Credit and Rates Update
It's time to take a look at high-yield credit spreads and other issues in the international credit markets.
High-yield spreads have widened out by 20 bps in the past two weeks after tightening by 50 bps from the wides of the summer. A sensible reason is profit-taking. Additionally, investment grade spreads are also widening out by a few basis points after spending the past five months stuck in a 5 bp range. A large part of this is due to the avalanche of issuance scheduled for this week after a mostly dead August. There was $3 billion of HY issuance in the entire month of August, but almost four times that in the first week of September. Investment grade issuance was $58 billion last week -- the busiest wee of the entire year even though it was only four days!
A riskier short-term play would be to buy HY outright in about 10 days with the horizon of selling early next year. The expected total return is 4.9% if you keep an average duration of 7 assuming 45bps of spread tightening (from 395 to 350 - currently 388) and carry/rolldown over the 4.5 month term.
At that point, should the Fed still be on track for a mid-year 2015 hike, I am a seller.

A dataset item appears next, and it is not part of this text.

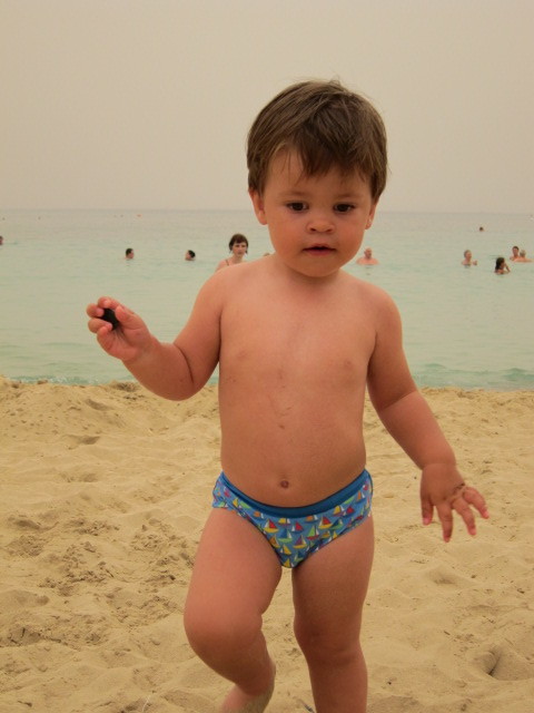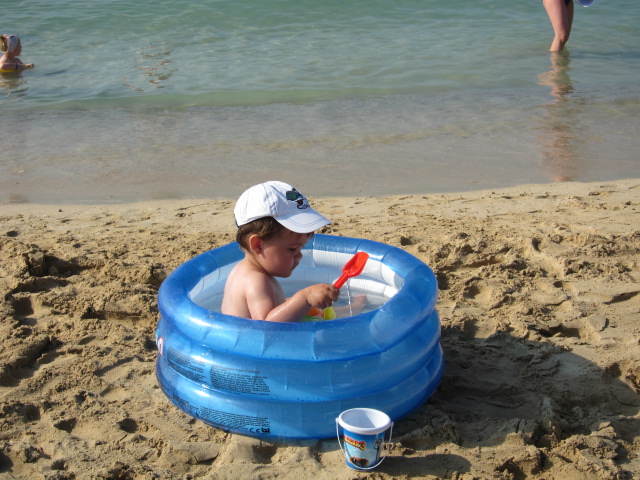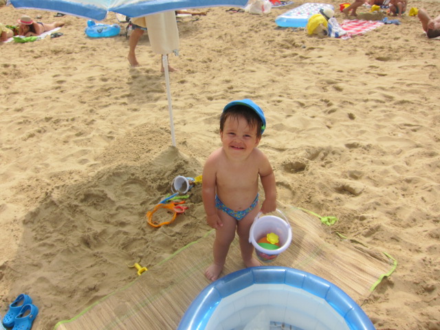 8.30 Располагались на лежаках, далее брали весь инвентарь (круг, надувной бассейн, мячики, водный пистолет, лопатки, ведерки и.т.д.) и к морю (идти до моря 3 минуты). Около моря лежаки платные, так как пляж муниципальный, но нам они не сдались совершенно, потому что в трёх минутах ходьбы были лежаки нашего отеля. Поэтому на пляже стелили циновку и раскрывали свой зонтик и до 12.00 копали, пекли куличики, строили замки, собирали камушки и бросали их в воду, стоили крепость и очень много плавали.

Closed-end municipal bond funds have weakened significantly over the past five weeks, as much as 4% versus their underlying NAVs while the value of their portfolios has actually risen. Municipal bonds, on a spread basis, have the worst seasonality in September and that sentiment is being reflected in these funds. On average, these funds are running 3.64% below their annual median discount to NAV. Once negative Treasury seasonality ends in the second week of October, you can start looking at these funds from an investment perspective.
However, solely for the closed-end space, their weakest months of performance is December, but there most likely will not be tax-related selling this year.
Spreads on muni bonds are now fairly valued across the spectrum and even rich for the intermediate sector. For a similar level of liquidity, I'd prefer munis over high yield at the moment.
The differential between IG and HY spreads in the UK is now at a multi-year wide, as expected. This is purely a function of the portfolio balance channel. As the horizon on expected returns on cash begins to turn more positive, the investor class reduces its overall risk level and "rolls back in" on the risk curve. The easiest example is the IG/HY spread, shown in this chart:
Click to enlarge
The spread peaked a week after the bi-annual speech by Carney in June that shocked the UK interest rate markets. The lower-rated issuers, who have lower cash flows and higher debt ratios, are more subject to default-type events when the liquidity tap begins to tighten and investors move up in seniority or in ratings. I've found the best way to see this relationship in the market is looking at the spread between the 6th and 10th future money market rates to see how the market "tightens." If the Fed stays on the current course of a mid-year 2015 hike, then the interest rate markets predict that we'll experience this event near the end of January 2015.
That will provide an opportunity to buy HY CDS (even through the new ETFs) and sell IG CDS -- the easiest way to put the trade on. I have every intention of doing this trade, but we're still a few months away. A similar relationship is seen in UK small caps vs. large caps, which I assume will be present in the US as well.
A few clarifications/counterpoints that were brought up by a few people regarding the above on the UK. I don't know if the trade is due to the Scotland, but it would be extremely peculiar if it was since the trend has existed for more than three months. Also, I don't know the size of the UK debt markets (IG and HY) with regards to it being an idiosyncratic experience. I also am not sure if moving in along the risk curve will affect EM debt as well (dollars would be repatriated) because the correlation has not existed recently.